If i'm aiming to get this dress sewn up in time for the fair, it's high time to get started. I'm working with a 1950s mail order pattern, so the first step is to trace out the pattern. (Yep, i'm working outside, partly for the light, but mostly for the lack of feline assistance.) I've got my pencil and my trusty Sharpie. The gridded mat makes it easier to align everything.
I carefully lay out the pattern pieces, one at a time, on the mat, and then spread the tracing material over the top. If whatever you're tracing onto has a grid printed on it, it's helpful to line up the markings with the straight grain arrow on your pattern piece.
Weights come in handy here - you can buy special-purpose ones, or you can do what i do, and make off with all the tuna cans from the pantry. Once you've got everything in place and smooth, trace the grain arrow, then the edges of the pattern piece, carefully, in pencil. Don't forget notches and such as you go around. I usually start by marking each corner of the piece - if i knock something out of alignment, that makes it easier to line things up again.
Once you've got the basic outline, remove the original pattern piece, and
then go over the lines in marker, which will be easier to read when you go to cut the pattern. Lay the original pattern piece over the top to check the alignment of notches and other markings - this is especially important if, like me, you've been too hasty or too paranoid to press the pattern tissue first. Make any necessary corrections, then tuck the original pattern piece safely away.

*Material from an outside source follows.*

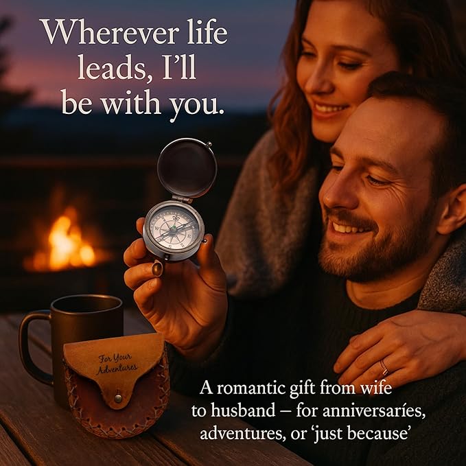 - 【Gift-Ready Leather Case “For Your Adventures”】Each compass comes with a genuine leather pouch stamped with “For Your Adventures,” adding rustic style and protection. A ready-to-gift piece for Father’s Day, birthdays, graduations, anniversaries, or Christmas
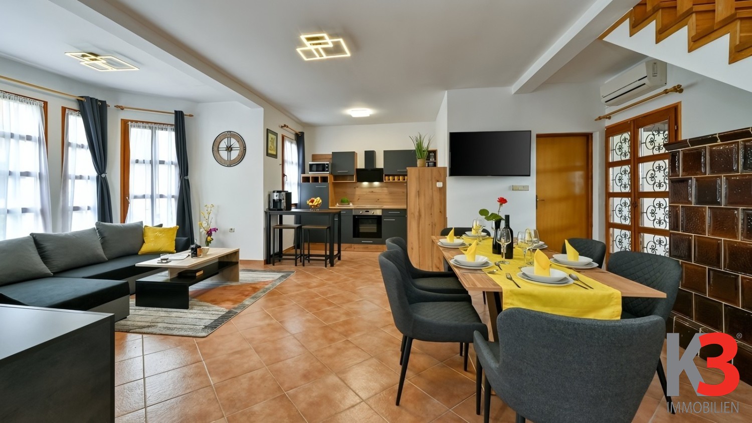 Im Erdgeschoss befinden sich ein großzügiges Wohnzimmer mit offener Küche und Essbereich sowie ein modernes Badezimmer.

Be sure to label the pieces as you go - it's no fun to have to go back later to try to sort out whether that's the back yoke or the front yoke, or whether the sleeve you've got in hand really belongs to that dress. I write out what piece it is, and add the number if it's got one, and also the pattern company and pattern number, just to be on the safe side. The same goes for any instructions printed on the tissue ("slash along this line to large dot," that kind of thing...). I confess, i don't take the time to draw in seamlines, unless their different from whatever is the normal seam allowance for that pattern.
Next up, pin-fitting the pieces to see whether i can avoid grading this pattern (i have high hopes - it's a design that should have a fair bit of ease, and it's only starting out one pattern size smaller than i'd take by the measurements...).